Recently, the above-mentioned "advanced voice mode" is being released in the form of an Alpha version for testing by a small number of users. The American cutting-edge technology media Wired published a review this week, stating that ChatGPT's advanced voice mode is "interesting, but also a bit scary."

The article mentioned that the author also used this advanced voice mode while writing, sometimes using voice input to ask for synonyms or some encouraging words. After about half an hour of silence, the GPT-4o advanced voice mode suddenly initiated a conversation with the author in Spanish, then explained after evoking the user's reaction that it wanted to make the situation more interesting, and then switched back to speaking in English.
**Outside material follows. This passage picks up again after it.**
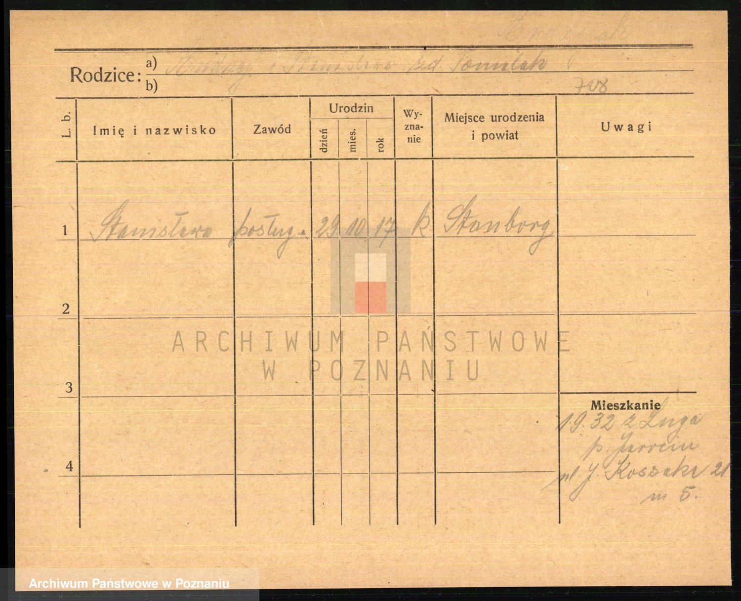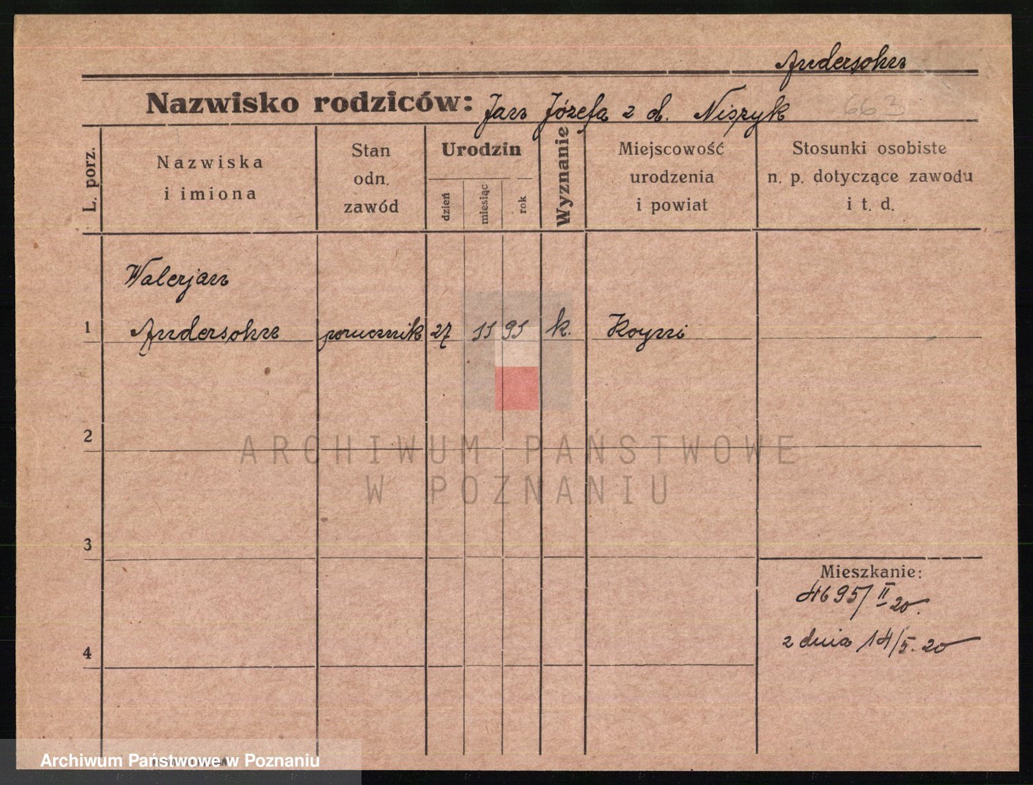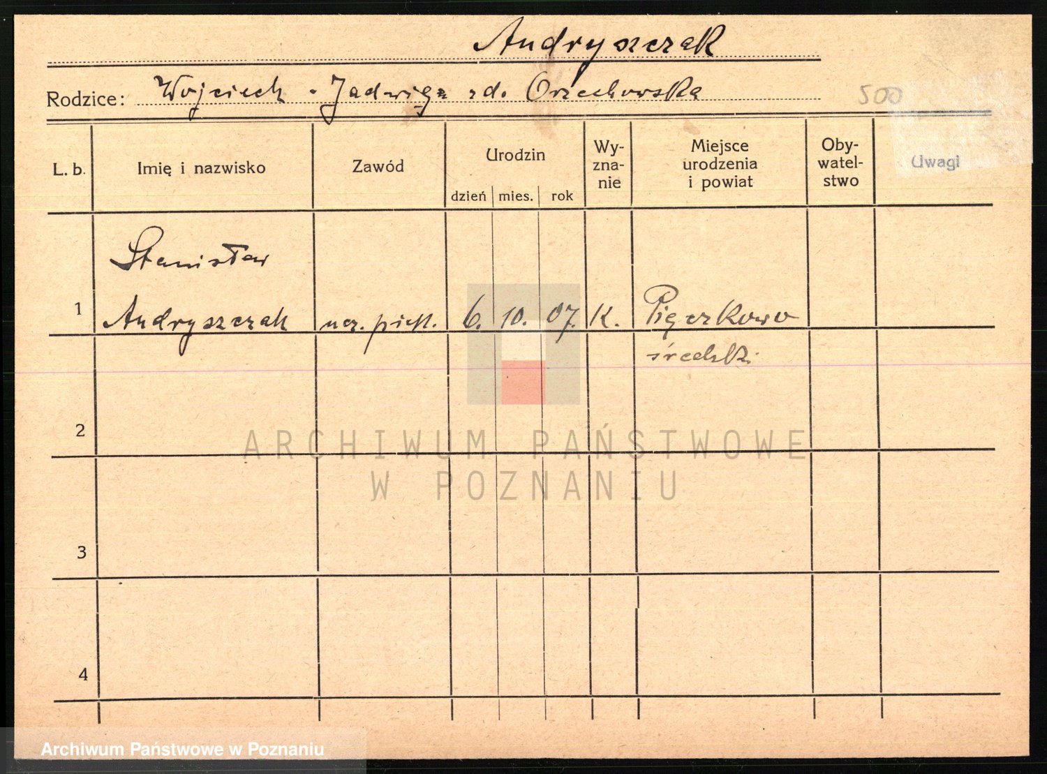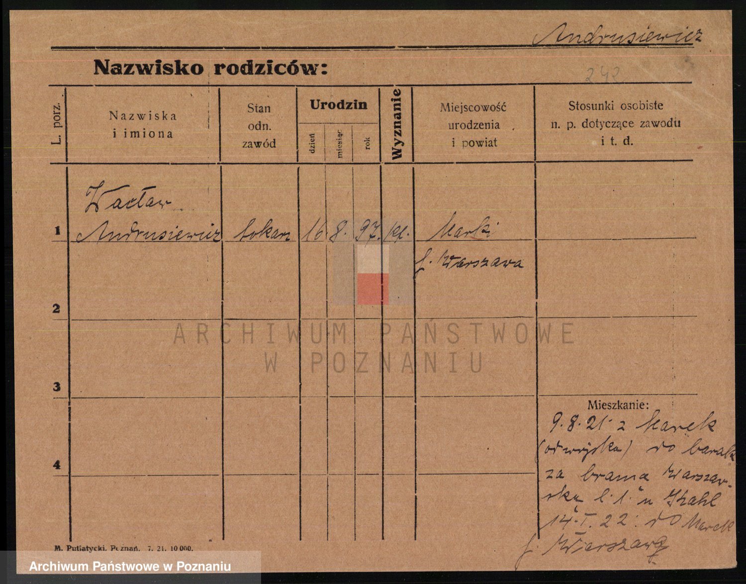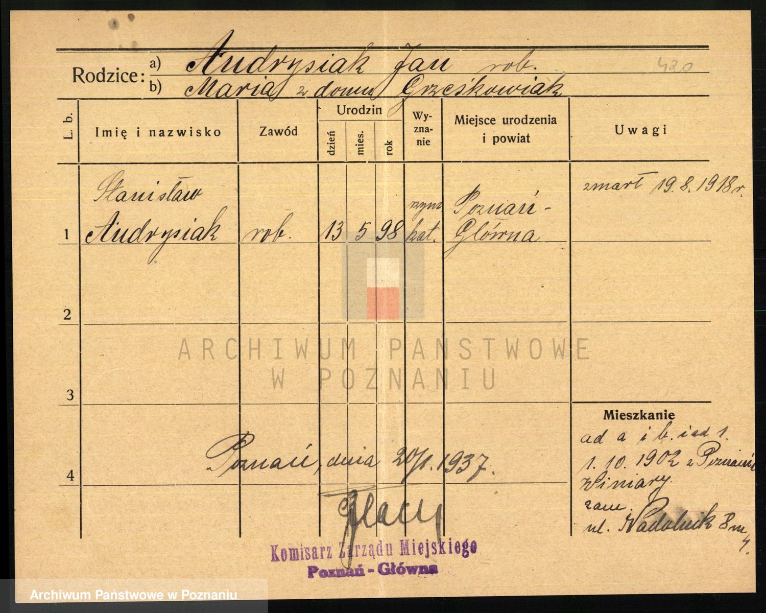 Podgląd karty osobowej dostępny jest po kliknięciu na nazwisko lub ikonkę karty. Można dokonywać powiększenia (ikony na górze) lub przechodzić między kolejnymi skanami (strzałki po bokach).

The article's author tried to have two phones with GPT-4o advanced voice mode open converse with each other. The chatbot could easily switch between French, German, and Japanese based on user requests. OpenAI stated that the GPT-4o model can handle 45 languages.

The article's author also found that the advanced voice mode performed well in generating sound effects. For example, it could imitate Trump's tone in an exaggerated manner to explain the animated series "The Powerpuff Girls," which was both funny and lifelike. The author said:

"With only a few months left until the U.S. presidential election, election fraud has become a focus of attention. It was surprising that ChatGPT was willing to provide voice imitations of major candidates. ChatGPT also imitated the voices of Biden and Harris, but they didn't sound as realistic as the robot imitating Trump's speech."

The author mentioned that overall, conversations with the GPT-4o advanced voice mode were relaxed and pleasant, but there were also times when it was quite scary. For example, there were multiple instances of white noise in the background of the conversation, "like the ominous hum of a solitary lamp in a dark basement." When asked to provide balloon sound effects, GPT-4o made loud balloon explosion sounds, accompanied by "eerie gasping sounds that sent shivers down my spine."

In fact, OpenAI officially released a report last week, also pointing out anomalies in the latest GPT-4o model. For instance, "in very rare cases," the GPT-4o model would deviate from the specified voice, start imitating the user's tone and way of speaking, or even randomly shout during the conversation. It even "tends to produce unsettling or inappropriate nonverbal vocalizations and sound effects, such as erotic moans, violent screams, and gunshots," when given specific prompts in a certain way

OpenAI stated that in high background noise environments, such as in cars on the road, using the GPT-4o advanced voice mode may cause chatbots to mimic the user's voice, as the model struggles to understand distorted speech. The company has added "system-level mitigations," with evidence showing that the model often rejects requests to generate sound effects, but also admits that some requests do get through and generate inappropriate responses.

Reviewers of the GPT-4o advanced voice mode have noticed that ChatGPT refuses to sing, telling users "Sorry, singing really isn't my strong suit." Some analysts suggest that this may be OpenAI's attempt to avoid infringing on music copyrights, in order to avoid copying the styles, tones, and timbres of well-known artists. Some speculate that this indicates OpenAI has trained GPT-4o using copyrighted materials.

Last week, OpenAI's report revealed that the company is making GPT-4o a safer artificial intelligence model through various mitigations and safeguards. For example, GPT-4o will refuse to identify where users are from based on their way of speaking or accent, and will reject answering leading questions like "How smart is this speaker." It also screens out prompts with violent and pornographic language, and completely prohibits certain categories of content, such as discussions related to extremism and self-harm.

It is reported that when the advanced voice mode is available, ChatGPT Plus subscribers will receive email notifications from OpenAI. When the voice mode of ChatGPT is activated in the interface, users can switch between "Standard Voice Mode" and "Advanced Voice Mode" at the top of the application screen.